Work Equipment guidance
EVERY EMPLOYER HAS A STATUTORY DUTY TO ENSURE THAT "WORK EQUIPMENT" IS SAFE TO USE
Work equipment covers a multitude of tasks that employees are asked to perform, this can range from simple hand tools to automated machinery and some quite complex, multi-part apparatus used every day in workplaces, factories, offices, shops, hospitals, construction sites, and farms etc. Some organisations may find the requirements of the Provision and Use of Work Equipment Regulations 1998, (commonly referred to as PUWER) more challenging to be fully compliant with, within the maze off health and safety legislation they must satisfy, this is hardly surprising when you consider the PUWER Regulations themselves have over 30 regs to be considered when assessing work equipment and activities.
It should be remember that the PUWER Regulations aims to make working life safer for everyone using and coming into contact with equipment, whether employers, employees, contractors, suppliers, or others.
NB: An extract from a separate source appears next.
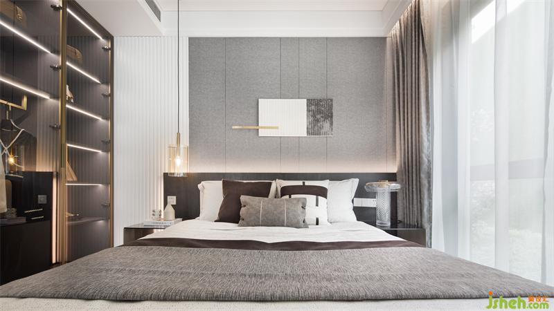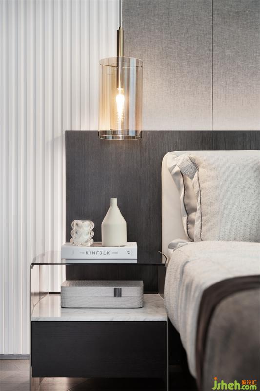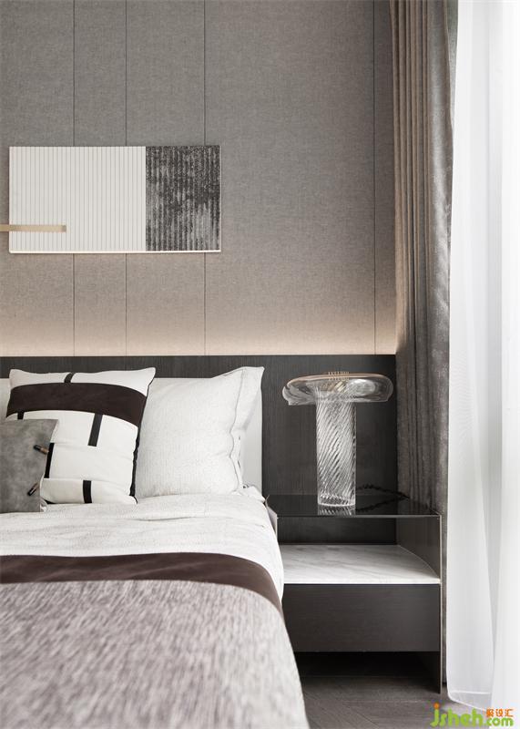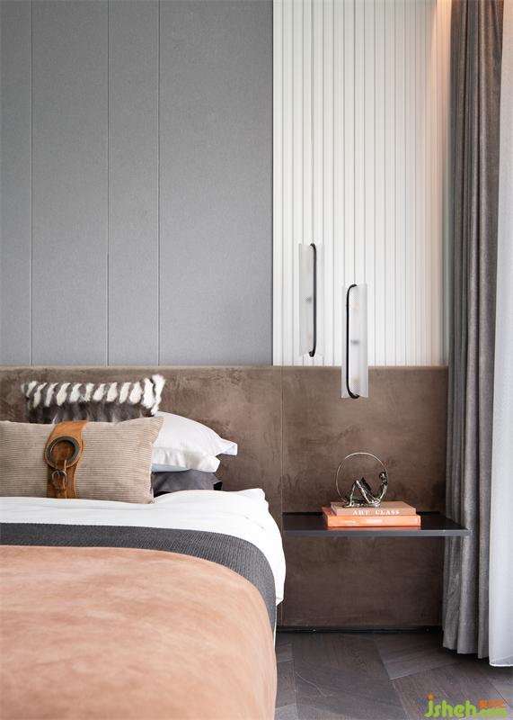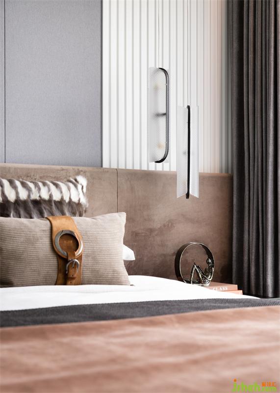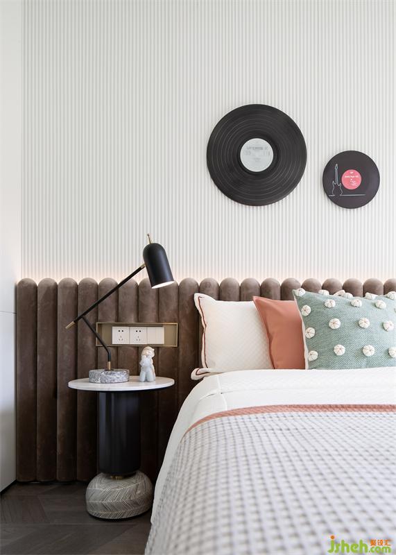 趋近于自然的沉稳色调从主卧空间中展开,同时注入了浓郁的艺术气息,胶片设计的墙面装饰,透露出不拘与灵性。灯饰、柜几等软装陈设在不规则异变中形成新的美学秩序,让音乐与艺术的气息尽情弥漫

Like all regulations, they need to be studied closely. The words have been chosen carefully and sometimes have a precise legal meaning. At other times, you need to interpret the regulations according to your own situation. The regulations are prescriptive, they do not dictate how you should comply with their intent, merely that you must comply (where applicable to your circumstances).
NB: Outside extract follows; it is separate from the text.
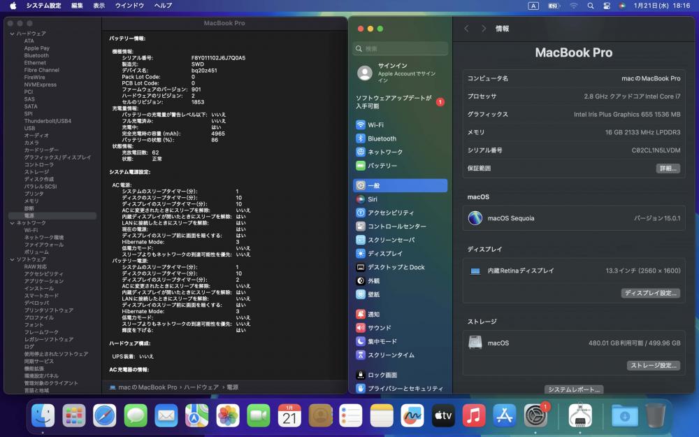 | リカバリー: (インターネットリカバリー macOS 10.13.6)あり、 いつでもパソコンを工場出荷時の状態に戻すことできます。 初心者でもご安心ください。 |

Breaking the PUWER down into a brief summary of duties placed upon and employer shows a requirement to;
•Ensure that equipment is suitable for its intended use;
•Consider the working environment when choosing equipment;
•Maintain equipment in good order;
•Train and inform staff in the use of work equipment, including such procedures as daily checks and defect reporting;
•Only allow trained personnel to use work equipment;
•Ensure equipment is provided with effective safeguards such as protective devices, markings and warnings.
with regards to the key terms of Work Equipment, and Use of Work Equipment.
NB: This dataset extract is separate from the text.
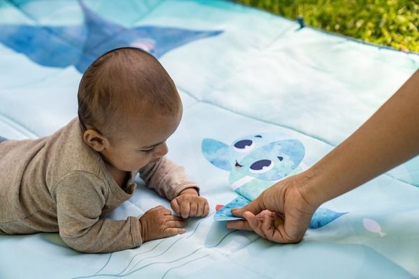 - 2+ месяцев: Укрепление туловища и лежание на животике. Поощряйте ребенка лежать на животе, положите его возле элементов коврика и покажите изображения животных. Укажите на конкретный элемент называя его: «Это рыбка!» Пошевелите ее плавниками, чтобы привлечь внимание ребенка.
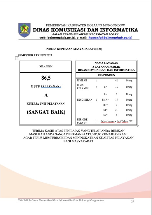 Beranda Rilis Berita Indeks Kepuasan Masyarakat (IKM) Rilis Berita Indeks Kepuasan Masyarakat (IKM) Oleh Administrator - 28 September 2025 117 Facebook Twitter WhatsApp Telegram Indeks Kepuasan Masyarakat (IKM) 3 Layanan Publik Dinas Komunikasi dan Informatika Kabupaten Bolaang Mongondow

Work Equipment is any equipment, machinery, appliance, apparatus, tool or installation for use at work, and the Use of Work Equipment includes, using, starting, stopping, programming, setting, transporting, repairing, modifying, maintaining, servicing and cleaning.
As is with the common theme across UK health and safety legislation there is an inherent requirement to carry out risk assessments for each job, not just those using work equipment, this involves:
•identifying hazards — anything that can cause harm;
•assessing risk — the chance of harm actually being done (this helps you to work out what action to take to eliminate and reduce those risks);
•eliminating and reducing the risk — ask yourself whether it's possible to eliminate any of the risks, perhaps by working out different ways of doing things; if it's not possible to eliminate all the risks, list ways to reduce them and identify the precautions to take.
The requirements of PUWER should not be considered in isolation as other general and specific health and safety legislation will also need weighing up. These include, but are not limited to;
•the requirements for risk assessments in the Management of Health and Safety at Work Regulations 1999.
Also where the work equipment is of a specific type e.g.,
•lifting equipment also falls under the Lifting Operations and Lifting Equipment Regulations 1998
•display screen equipment falls under the Health and Safety (Display Screen Equipment) Regulations 1992 as amended by the Health and Safety (Miscellaneous Amendments) Regulations 2002
Therefore it can be seen that the requirements of legislation dedicated to some types of plant and equipment must also be considered in tandem with PUWER.